Prof. Noam Elkies has given a answer at Mathoverflow. Here is his answer.


I figured out something of potential interest, but I am uncertain of its usefulness.

Also, I apparently can't comment yet because I don't have enough privilege points or something, so I'm "answering". (The scratchwork wouldn't fit in a comment anyway.)

Define $ \sum a_n^2 = L $ and note that $ n^2 \le \sigma_2(n) < \zeta(2) n^2 $ (this can be seen by factoring $ \sigma_2(n)n^{-2} $ and then noting that it is always a finite part of the Euler product for the Riemann zeta function but can allow arbitrarily many of its terms). Use $ (n,m) $ for greatest common divisor.
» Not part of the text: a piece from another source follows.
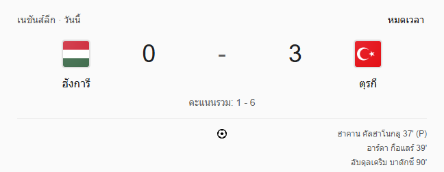 - หมดเวลาการแข่งขัน: ฮังการี 0-3 ตุรกี ตุรกีโชว์ฟอร์มสุดเฉียบ จบสกอร์คม บดบังทุกไฮไลต์ของฮังการี พร้อมจองตั๋วสู่รอบลึกด้วยฟอร์มอันดุดันจากทั้งแนวรุกและแนวรับ

Then

$$ S = \sum_{n \geq 1}\left(\sum_{k \geq 1}\frac{a_{kn}}{k}\right)^2 $$ $$ = \sum_{n,m=1}^\infty \left( \sum_{d|(n,m)} \frac{1}{(n/d)(m/d)} \right) a_n a_m $$ $$ = \sum_{n,m=1}^\infty \sigma_2((n,m)) \frac{a_n}{n} \frac{a_m}{m} $$ $$ = \sum_{n=1}^\infty \sigma_2 (n) (a_n / n)^2 + 2 \sum_{n=2}^\infty \left( \sum_{m<n} \frac{\sigma_2((n,m))}{m} a_m \right) \frac{a_n}{n} $$ $$ <\zeta(2) \left( L + 2 \sum_{n=2}^\infty \left( \sum_{m<n} \frac{(n,m)^2}{m} a_m \right) \frac{a_n}{n} \right) $$

Hence if we can prove $$ M = \sup \left\{ \frac{1}{n a_n} \sum_{m<n} \frac{(n,m)^2}{m} a_m \right\} < \infty $$ we may then establish the existence of finite upper bound

$$ S < \zeta(2) (L + 2M (L-a_1^2)) .$$

I'd look into this more (namely on how to find a lower bound practical enough for the approach from the other side) but it's the middle of the night here. Maybe later.


(This is not an answer.) The situation is even worse than Patrick Da Silva suggests. Let $a_n = \frac{b_n}{\sqrt{n}}$; then $\sum \frac{b_n^2}{n}$ converges, so $\liminf b_n = 0$. Moreover $\frac{a_{nk}}{k} = \frac{b_{nk}}{k^{3/2} \sqrt{n}}$, hence the above sum gives

$$\sum_{n \ge 1} \frac{1}{n} \left( \sum_{k \ge 1} \frac{b_{nk}}{k^{3/2}} \right)^2.$$

In particular, if $b_n$ is eventually monotonically decreasing (or even some weaker form of this assumption), then the sum in parentheses is eventually at most $b_n^2 \zeta \left( \frac{3}{2} \right)$ and so $a_n$ cannot be a counterexample to the given statement.

In other words, a counterexample needs to be fairly non-monotonic (if the statement is false). It seems like a good idea to make $a_n$ large if $n$ has many factors, but I haven't been able to do anything concrete with this.